In a conversation with T13 radio, the executive of the entity that groups the large mining companies in Chile –AngloAmerican, Barrick, BHP and Codelco, among several others– explained that in international markets there is great interest in having copper due to electromobility, the energy transition and the urbanization of the world. “When one analyzes the international markets regarding the demand for copper, it appears solid, sustained, with good fundamentals to think that there will be markets for the placement of copper, which the U.S. will eventually not buy,” he stated.
“In practice, there will be demand in the world,” he indicated. “India is growing at impressive rates. And therefore it could become another phenomenon like China became more than a decade ago.” He also recalled that “only 10% of Chilean copper production ends up in the U.S. The other 90% does not go to the United States (…) It is one less reason for concern.”
EMOL publishes that, in relation to the prices observed in the market in recent hours -yesterday the pound reached a historic high of US$5.58, due to the provisioning generated after Trump’s announcement- Villarino stated that “one day or two days has a rather marginal impact. But it is always positive.”

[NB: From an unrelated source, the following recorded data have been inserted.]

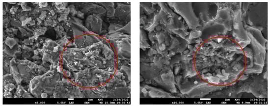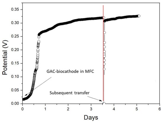 The micrographs from scanning electron microscopy are shown in Figure 8. A group of bacteria appearing to be similar in morphology (slender rods with 0.5 µm) were found adhered to the surface of the GAC. These bacteria were seen to have adhered to the surface of the GAC and had direct communication with it rather than forming a biofilm, which is a commonly observed phenomenon in electroactive bacteria. In general, GAC has a large porosity and adsorptive capacity that can spread clumped microbes adsorbed onto the electrode surface and increase the surface area of the electrode []. Consequently, the higher specific area enabled the more effective collection of electrochemically active microorganisms and the performance of GAC increased accordingly. The GAC acted as a porous material with a variety of internal large holes and mesoporous structures. The rough surface of the GAC facilitated the attachment and growth of these bacteria and possibly directed electron sharing. The attachment and enrichment of bacteria as well as the colonization of the surface had a direct impact on the voltage output of the MFC.
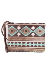 Clutch - White Aztec detail Leather Clutch #01
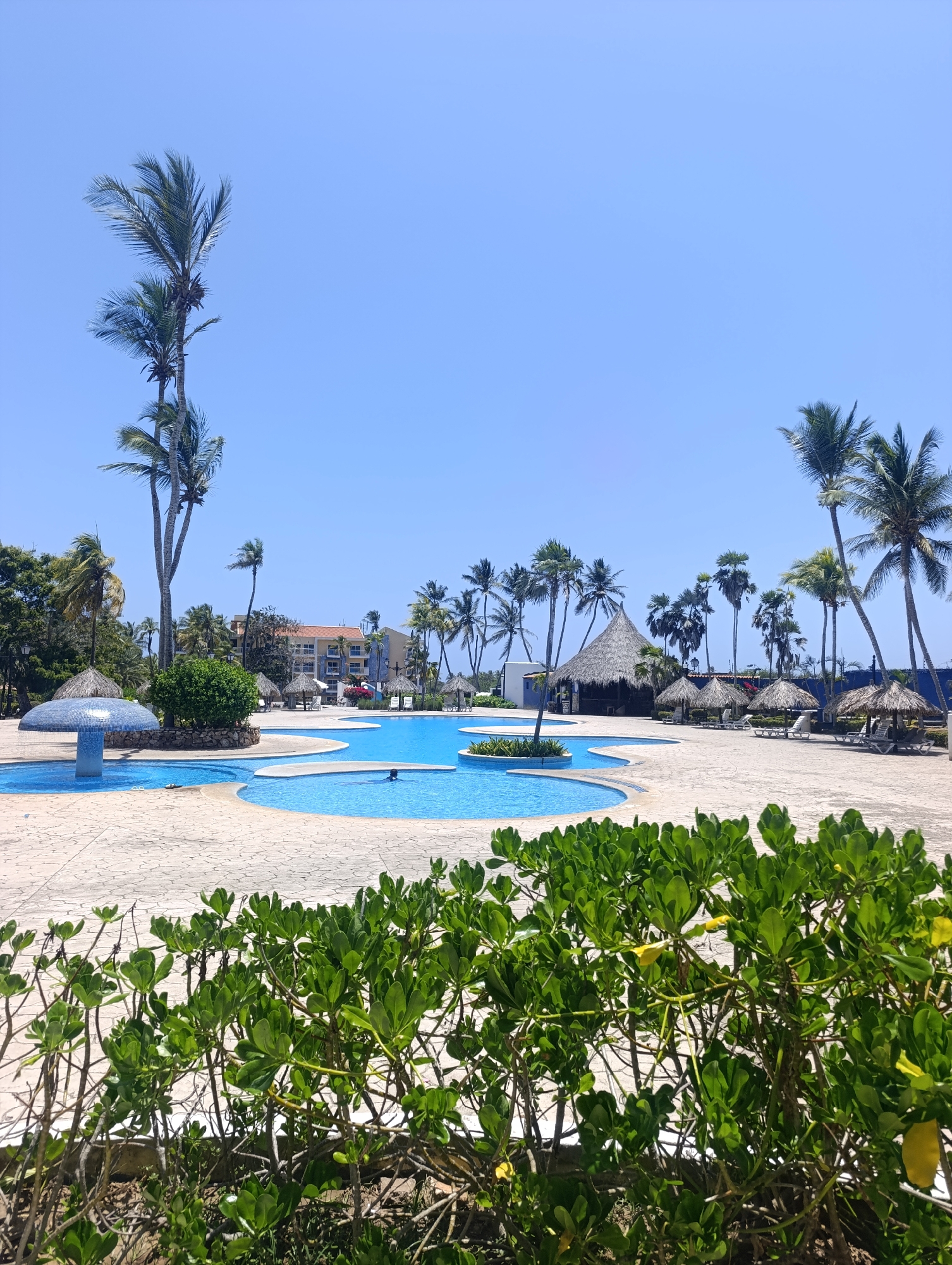 The image depicts a swimming pool complex at an outdoor resort in Unknown, Unknown. The pool is multi-shaped, with various circular sections connected by shallower areas. The pool surface is blue, and the surrounding area is paved with light-colored tiles. There is a small island with vegetation in the center of one section of the pool. In the distance, there is a building with light-colored walls and a red roof. Several palm trees and thatched umbrellas surround the pool area. The foreground is dominated by a dense shrub with green leaves and yellow flowers. The sky is clear and blue. There is a person swimming in the pool.

He clarified, in any case, that “what is tremendously positive is that we have witnessed a copper price above US$4 per pound for more than a year. With fundamentals that support that this will remain above US$4 in the medium term.” With this in mind, he argued that “this has a positive impact for companies. But it has a tremendously positive impact for the State of Chile.”
The representative of the mining companies also said he did not understand Trump’s decision to impose a 50% tariff on copper imports. “The U.S.,” he explained, “consumes approximately 1.6 million tons of refined copper. And it only produces 1.1. That is, it has to import practically 500 thousand tons, 600 thousand additional tons. And it does not have the capacity to produce them quickly.”

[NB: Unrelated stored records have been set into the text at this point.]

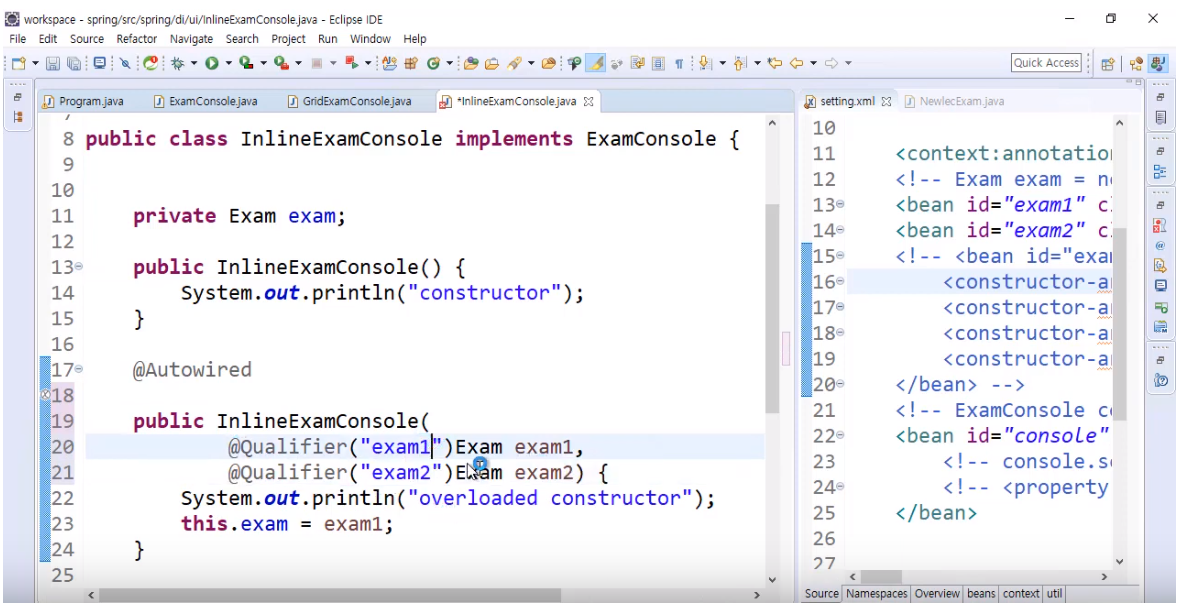 overload 생성자에 붙일 경우, 그냥 붙이면 에러가 발생할 수 있는데, 이유는 overload 생성자에서는 입력하려는 동일유형 객체가 여러개일 수 있기 때문. 따라서 파라미터 자리별로 @Qualifier로 지정할 수 있음.
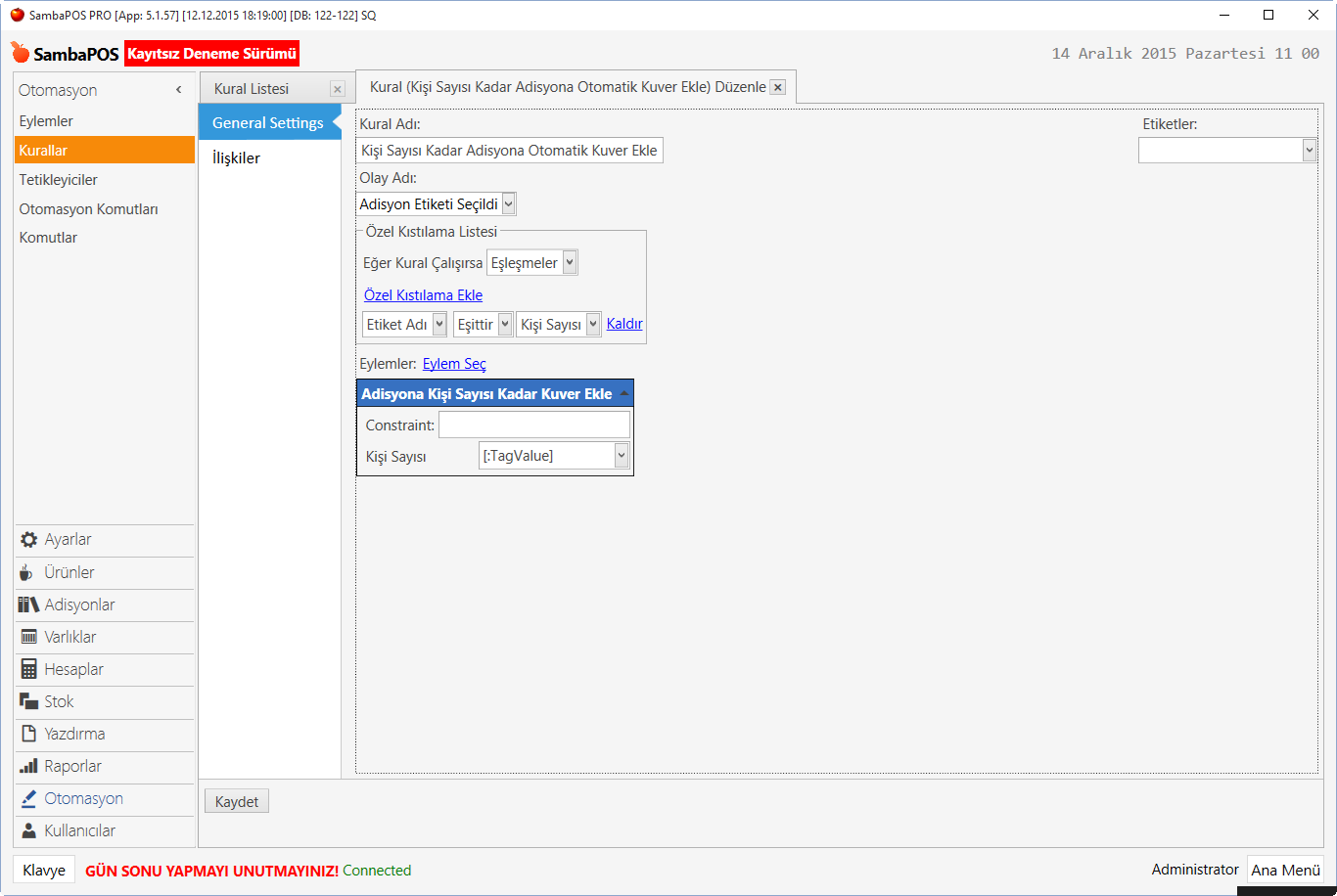 Özel bir Kısıtlama Ekleyerek hangi Etiket seçildiğinde olacağını da tanımladıktan sonra az evvel oluşturduğum Eylemi Kural ın içine atıyorum, ve özeliklerinde az önce benim yazdığım Kişi Sayısı geldiğini göreceksin. Burada da Etiketin değeri kadar dediğimde hafızasında olan Etiket değerini alıp, Ürün müktarı ile çarparak Adisyona ekleyecek.
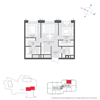 В квартире выполнена чистовая дизайнерская отделка. Резиденция наполнена светом и воздухом, благодаря панорамному остеклению и высоким потолкам.

He asserted, in that vein, that despite the speed one might want to apply to accelerate mining projects in the U.S., these initiatives take at least two or three years to build “at full speed.” “This means in practice favoring its natural competitor, which is China, a great deal,” he also said.
“China will be buying copper without these tariffs, it will be a better market. China has a much greater smelting and refining capacity. He is gifting them a rather inexplicable advantage,” he added.